> _What you need to do_
Please reproduce the entries below exactly, omitting any images they contain.

> _Provided records_
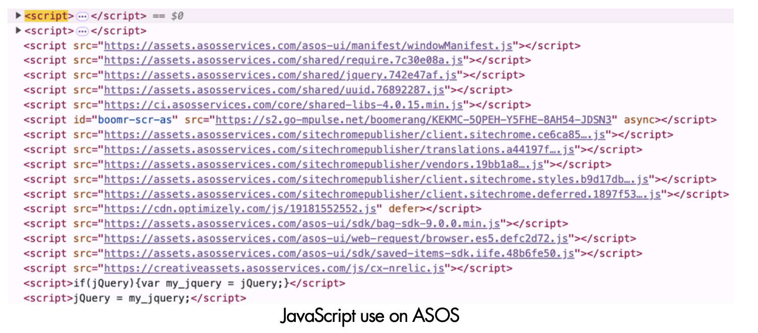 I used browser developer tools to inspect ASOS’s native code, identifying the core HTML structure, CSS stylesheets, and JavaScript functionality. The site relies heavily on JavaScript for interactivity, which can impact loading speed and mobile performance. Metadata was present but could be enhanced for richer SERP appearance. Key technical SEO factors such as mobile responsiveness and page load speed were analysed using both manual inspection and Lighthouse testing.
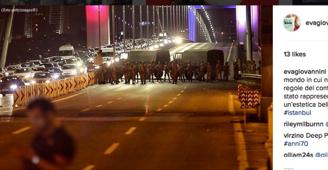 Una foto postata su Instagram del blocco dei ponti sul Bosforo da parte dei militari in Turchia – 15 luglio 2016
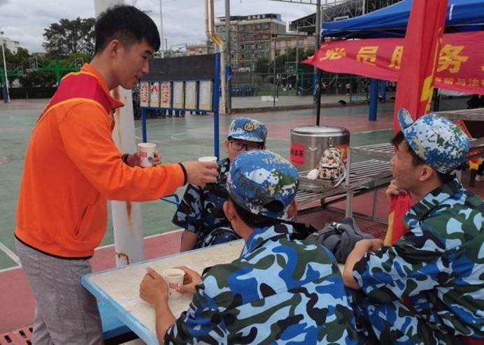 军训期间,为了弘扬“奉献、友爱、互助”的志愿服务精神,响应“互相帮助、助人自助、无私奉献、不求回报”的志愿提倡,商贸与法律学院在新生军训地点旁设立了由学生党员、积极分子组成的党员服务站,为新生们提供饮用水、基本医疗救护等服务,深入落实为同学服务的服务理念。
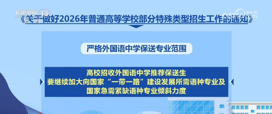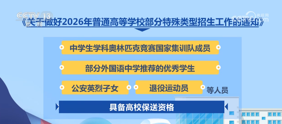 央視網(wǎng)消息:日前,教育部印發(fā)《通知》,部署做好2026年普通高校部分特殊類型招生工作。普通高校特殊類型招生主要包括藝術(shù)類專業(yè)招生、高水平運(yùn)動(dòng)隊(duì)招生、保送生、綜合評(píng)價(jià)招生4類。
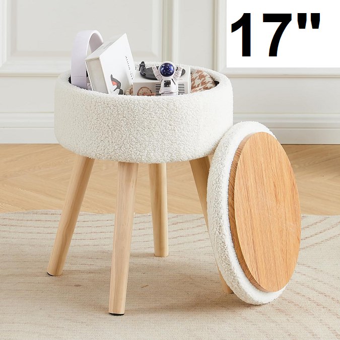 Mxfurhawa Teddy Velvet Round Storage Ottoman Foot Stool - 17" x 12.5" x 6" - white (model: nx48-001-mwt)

> _Written answer_
 I used browser developer tools to inspect ASOS’s native code, identifying the core HTML structure, CSS stylesheets, and JavaScript functionality. The site relies heavily on JavaScript for interactivity, which can impact loading speed and mobile performance. Metadata was present but could be enhanced for richer SERP appearance. Key technical SEO factors such as mobile responsiveness and page load speed were analysed using both manual inspection and Lighthouse testing.
 Una foto postata su Instagram del blocco dei ponti sul Bosforo da parte dei militari in Turchia – 15 luglio 2016
 军训期间,为了弘扬“奉献、友爱、互助”的志愿服务精神,响应“互相帮助、助人自助、无私奉献、不求回报”的志愿提倡,商贸与法律学院在新生军训地点旁设立了由学生党员、积极分子组成的党员服务站,为新生们提供饮用水、基本医疗救护等服务,深入落实为同学服务的服务理念。
 央視網(wǎng)消息:日前,教育部印發(fā)《通知》,部署做好2026年普通高校部分特殊類型招生工作。普通高校特殊類型招生主要包括藝術(shù)類專業(yè)招生、高水平運(yùn)動(dòng)隊(duì)招生、保送生、綜合評(píng)價(jià)招生4類。
 Mxfurhawa Teddy Velvet Round Storage Ottoman Foot Stool - 17" x 12.5" x 6" - white (model: nx48-001-mwt)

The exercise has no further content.